The successfully built biomedical event extraction model exhibits several error patterns in both the first and second modules of the pipeline. Some of these errors are consistent with those observed in the model from the study by Ramponi et al. [10], including: (1) under-prediction, where the event trigger that should have been identified is missed; (2) over-prediction, where a non-existing event trigger is falsely identified; and (3) wrong-prediction, where an incorrect event trigger is identified. However, the proposed method introduces additional errors. Notably, the first module of the pipeline tends to produce event trigger patterns that do not exist. This phenomenon is likely due to the sigmoid decoder’s broader output range, which allows for more variations than softmax. An illustrative example of this error is presented in Table 14.

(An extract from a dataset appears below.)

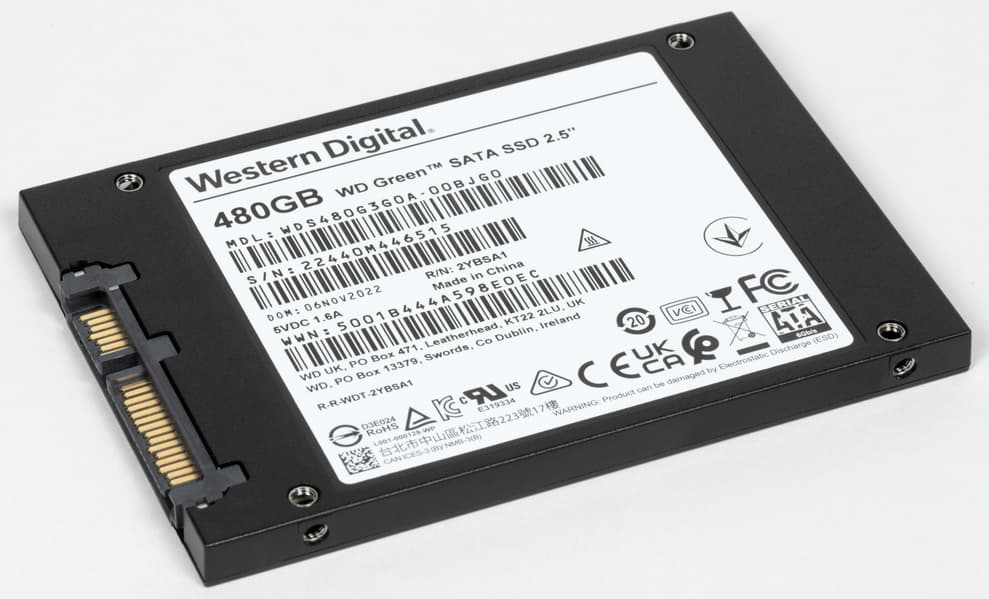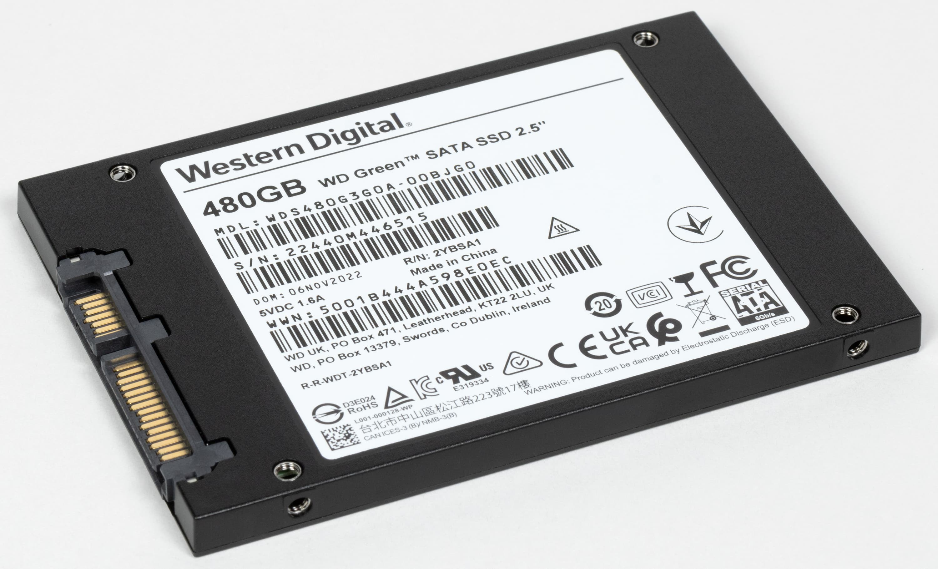 Дополнительная информация тут тоже не слишком нужна. Ключевым отличием Green от Blue всегда была трехлетняя, а не пятилетняя гарантия, однако в условиях параллельного импорта и то, и другое как правило продается в наших краях лишь с годичной. Что любопытно — для третьей версии Green, продающейся сейчас, что можно определить по цифре после емкости (то есть «G3» или «T3»), компания даже не специфицирует «разрешенный» объем записи (TBW). Для пугающей многих второй версии (первая-то использовала контроллер Silicon Motion SM2258XT, так что слабо отличалась от бюджетки других производителей — но было это пять лет назад) при такой емкости прописывали 160 ТБ. В общем, довольно типичные для этого сегмента 0,31 DWPD. Вряд ли сейчас что-то должно было измениться, да и обращаться к WD напрямую за гарантией возможность всё равно пропала — так бы любопытно было погонять SSD «на протирание» и потребовать замену, если не переживет три года такового: ограничений-то формально нет :) Модельный ряд по-прежнему начинается со 120 ГБ и заканчивается 2 ТБ, причем SSD до 480 ГБ включительно можно приобрести и в виде M.2 2280. Такие SATA-накопители тоже уже стали вымирающими — так что есть дополнительный повод посмотреть на оставшиеся в продаже варианты. Иногда они нужны — именно для модернизации старых компьютеров, конечно, хотя иногда такие разъемы встречаются и в относительно новых.

The deficiencies observed in the second module of the pipeline can be attributed to errors in the first module, as inaccuracies in the initial output can have significant repercussions on the second module’s performance. Errors in the second module vary depending on the event type, as each event type entails distinct argument patterns. Nonetheless, there are four recurring patterns. First, RE may not be appropriately performed when the relevant protein entity does not exist in the same sentence. As the model receives only a single sentence as input from the entire biomedical text, this limitation can impede accurate RE. Second, the model may incorrectly select protein entities or other events in the biomedical sentence as the values of event arguments. This arises from the dynamic nature of argument value locations, necessitating a more profound semantic understanding of the sentence to rectify this issue. Third, the model may fail to predict the number of themes for binding events. This occurs as binding events often entail varying theme arguments, although they typically comprise only one or two themes. A more comprehensive investigation is warranted to enhance the accurate prediction of binding event themes. Finally, the model may overlook the presence of cause arguments in complex events. This happens because cause arguments are optional and can accept other events as values, leading to the extraction failure of many complex events in cases where the ground truth of the event involves a cause with another event value.